Short answer: standard error
In details:
Let's say we wanna estimate the population mean from sample data.
It makes sense to expect the sample mean to be very close to population mean.
Furthermore, if we keep getting more new sample sets, we would expect the error of our estimate to be smaller.
Taking it one step further, if the means from those sample data set don't differ much, we'd expect the error of estimate to be smaller and vice versa.
So, roughly speaking, standard error of the mean estimate is
* proportional to how much each sample value deviates from sample mean (actually, square root of sum of square difference)
* inversely proportional to sample size (actually, square root of n-2)
How about the standard error of slope estimate in linear regression?
roughly speaking, standard error of the slope estimate is
* proportional to how much each regression predicted value deviates from observed value (actually, square root of sum of square difference)

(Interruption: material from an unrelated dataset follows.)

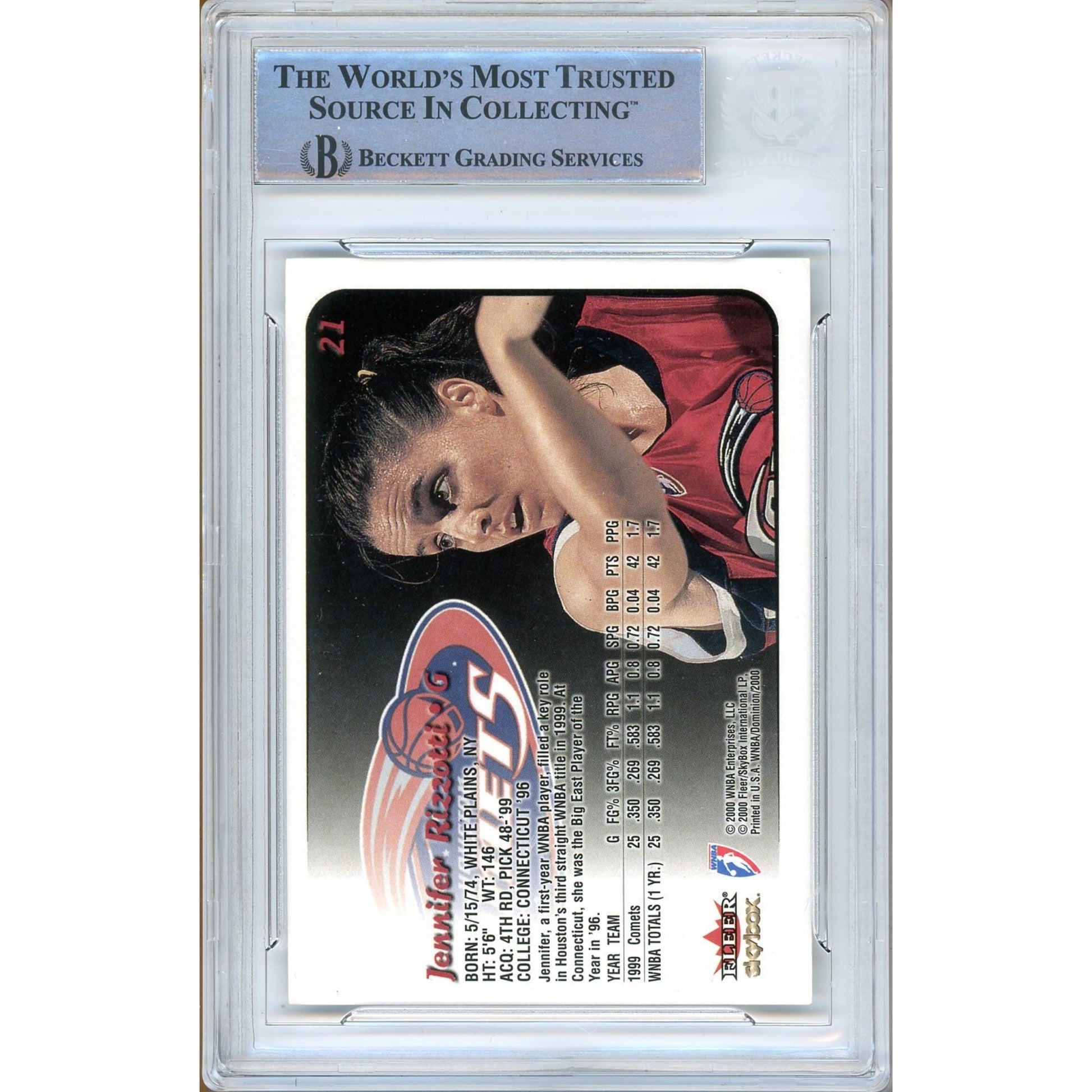2000 SkyBox — Jennifer Rizzotti Comets Autographed Trading Card — Beckett Authentication

* inversely proportional to sum of square difference of PREDICTOR.
Another words, wider range of your predictor, smaller your standard error .
It actually makes sense. Think about it. Slope = (y2-y1)/(x2-x1)
If y2 and/or y1 is off a little bit
* how much the slope is gonna change given x2 is far away from x1?
* how much the slope is gonna change given x2 is very close to x1?
So, if u are doing a controlled experiment, choose a wider range of predictors.
Closely related is t-statistics, which is defined as
Estimated value/ std error
With a given t-statistic, we can look up a corresponding p-value, which is the probability of obtaining the data if the null hypothesis is true.
95% confidence interval is about estimated value +- 2*std error
If the interval contains 0, you cannot reject the null hypothesis.